# Guru's Handprint At Panja Sahib



## gurtej khubbar (Oct 5, 2013)

Panja Sahib Hand Print



Sat Sri Akal

Something is bothering me with this question. Can anyone please share some insights on the claims that guru Nanak hand print is embedded in the stone, what is the story behind it. Is it possible without Devine intervention?

Anyone been there to witness it? Thanks

Thanks for site admin for fixing issue with starting of new thred


----------



## aristotle (Oct 5, 2013)

Gurtej Ji,
I haven't visited Panja Sahib, Pakistan yet, but I'll share my preliminary thoughts to start rolling the ball on this thread.

The Gurdwara is believed to have been built during the reign of Maharaja Ranjit Singh. It seems peculiar to me that a place supposedly housing an important relic related to Guru Nanak Sahib had to wait for so long for a Gurdwara to be built there, nor did any other Guru Sahiban visit this place. Moreover, who preserved this supposed relic until the Gurdwara was built? What guarantee is that this Panja was not inscribed afterwards?

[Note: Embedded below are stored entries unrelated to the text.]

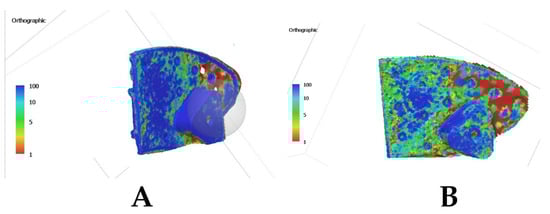 Figure 13 shows the color map which represents the reconstruction confidence level of each point, where blue indicates high confidence (≈100), green to yellow indicates moderate confidence (≈10–50), and red indicates low confidence (≈1). In contrast, Image B (AI-based photogrammetry Software) shows a more uniform confidence distribution, with fewer red and more green/blue areas, suggesting higher reconstruction accuracy and limited artifacts. AI-based photogrammetry uses deep learning models trained on extensive datasets, which allows for prediction of missing data, enhances feature detection, and improves surface consistency. Compared to traditional photogrammetry, which follows a linear depth estimation process, AI-based methods dynamically adjust and optimize depth calculations, serving as a robust strategy in handling occlusions, lighting variations, and low-texture surfaces. The confidence level map in Image B suggests a closer alignment between the reconstructed model and the real object, leading to a more stable and reliable 3D representation.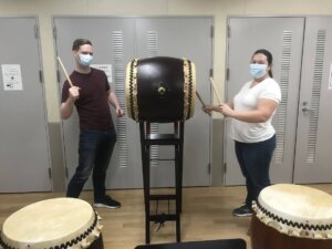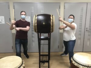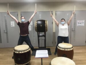 体験前日にアメリカニューヨークから飛び込みで男女ペアで和太鼓体験。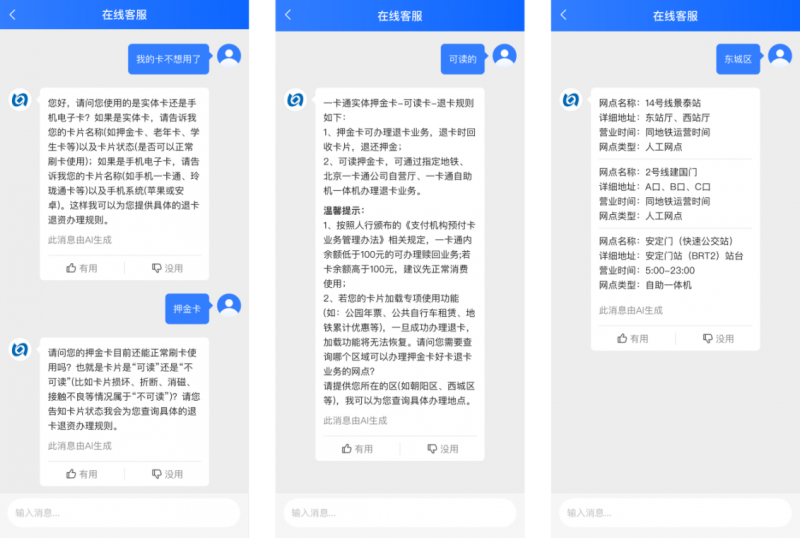 在具体的落地场景选择上,他们的核心标准是“看哪些场景对市民有更高的价值”。通过分析历史的客服会话数据,北京一卡通从市民咨询频次、交互轮次、传统机器人交互体验三个维度进行综合考量,将客服Agent率先应用在解决“退卡退资、网点查询、扣费相关”这三类问题,希望能更加高效地响应市民的需求,并提升整个咨询过程的服务体验。
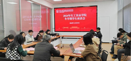2024年12月27日下午,生工食品学院在农生环D座一楼和合文化之家召开2024年冬学期学生座谈会。学院党委书记李金林、党委副书记王一清、专职组织员张文馨、团委书记梅玫、团委副书记闫凯亚及本科生、研究生学生代表出席会议。座谈会由王一清主持。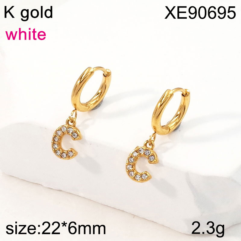 Home > Stainless Steel Earrings > Crystal Earrings > Level B Stainless Steel Jewelry New Trendy Sticky Stone Letter C Golden Hoop Earring

I notice there is a board adjacent to the Panja stone as I gather from the Google search images, though the board was not clear in any of those images. What is written on the board?


----------



## AngloSikhPeace (Oct 5, 2013)

I personally don't trust things like this, every religious leader in the world has strange holes in stone that were supposedly made by them, or relics left behind from thousands of years ago. 

Even if Guruji did make this indentation, why does that matter? The real miracle is that Guruji's love is impressed in our hearts, even today centuries later, not the stone.


----------



## aristotle (Oct 5, 2013)

AngloSikhPeace said:


> Even if Guruji did make this indentation, why does that matter? The real miracle is that Guruji's love is impressed in our hearts, even today centuries later, not the stone.


Beautifully said....


----------



## Gyani Jarnail Singh (Oct 6, 2013)

The story goes that the Mulsim Pir on the Hill Top rolled down a HUGE BOULDER to kill Guru Ji seated at the BOTTOM....and Guru ji Raised His HAND and STOPPED the BOULDER in MID AIR..and thats how HIS HAND Made the impression in Solid Stone.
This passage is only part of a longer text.